With our AKS Kubernetes cluster in place we’re now ready to start using it, we’ll do this by creating some Kubernetes Pods and Deployments via configurations

📕 Kubernetes Glossary. A Pod is a group of one or more containers running in the cluster. For this lab we will deploy single pod containers, although not technically correct for now you can think of a pod being equivalent to a container.
A Deployment is a logical object representing a set of replicated pods, managed by a ReplicaSet. The Deployment will manage things such as rolling updates, scaling etc. In general you make changes to Deployments and not directly to Pods

We have three microservices we need to deploy, and due to dependencies between them we’ll start with the MongoDB database then the Data API and then finally move onto the Frontend

We’ll apply configurations to Kubernetes using kubectl and YAML configuration files. These YAML files will describe the objects we want to create, modify and delete in the cluster.

We’ll create a new project directory to work out of for this lab

mkdir kube-lab
cd kube-lab

Cloud Shell Editor

If using the Azure Cloud Shell, it’s strongly recommended to use the built-in online editor which is invoked with the command

code .

Note the dot after the command, it’s recommended you invoke the editor this way as it will then show a file explorer view for the current directory.

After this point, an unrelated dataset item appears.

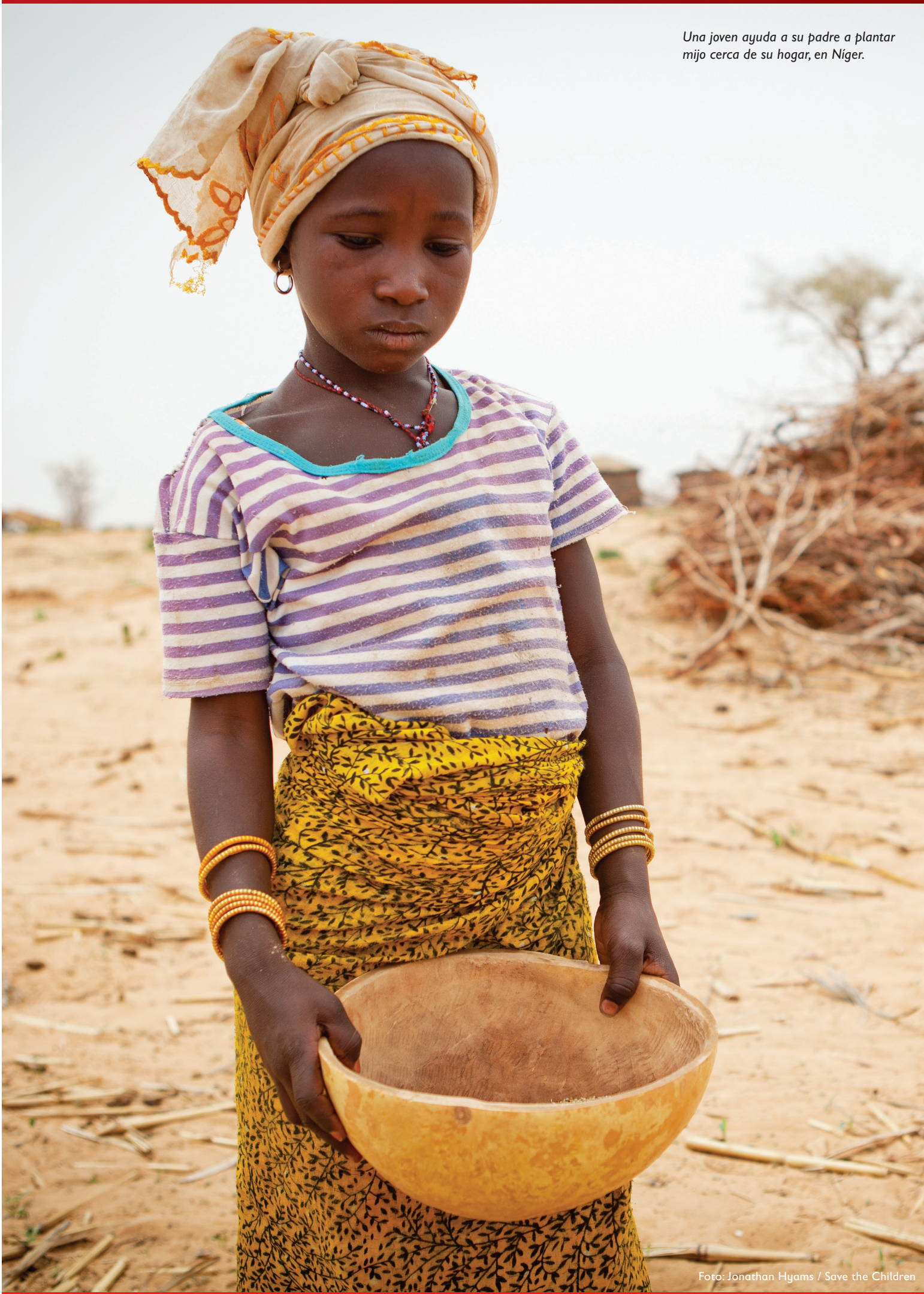
Una joven ayuda a su padre a plantar mijo cerca de su hogar, en Níger.

When creating a new file use the touch command to create an empty file, e.g. touch foo.yaml, then in the editor click refresh icon at the top of the files view in order to see the file and open it for editing. There are other ways to use the Cloud Shell Editor, but this workflow is recommended

Deploy MongoDB

Create a new file called mongo.deploy.yaml (run touch mongo.deploy.yaml and refresh the files view in the editor) and paste the following contents in it, and save:

kind: Deployment
apiVersion: apps/v1
  name: mongodb
  replicas: 1
      app: mongodb
        app: mongodb
      - name: mongodb-pod
        image: mongo:3.4-jessie
        - containerPort: 27017

💬 Note. YAML is sensitive to indentation and white space, so be extra mindful of this when copy & pasting

There’s a lot going on here but we’ll cover of some of the concepts:

  • We’re declaring a Deployment named mongodb
  • This deployment will create a replicated set of pods (using ReplicaSet), however for this MongoDB deployment we’ll run just 1 pod
  • The Pod will run a container from the mongo:3.4-jessie image, which will be pulled from Dockerhub. This is the standard official MongoDB image, it is not specific to our Smilr application
  • The container will expose TCP port 27017 out to the Pod and the cluster
  • We apply label metadata app=mongodb which we’ll use to help locate the pods later. This labelling is completely up to us, it’s just arbitrary key value pairs

To apply this configuration to the cluster we run:

kubectl apply -f mongo.deploy.yaml

If successful you will see deployment "mongodb" created. You can check the status of your cluster with this command (or you can use the dashboard)

kubectl get all

You should see a deployment called mongo (prefixed deploy/) a replica set (prefixed rs/) and a pod (prefixed po/), the pod and replica set will have auto generated names appended.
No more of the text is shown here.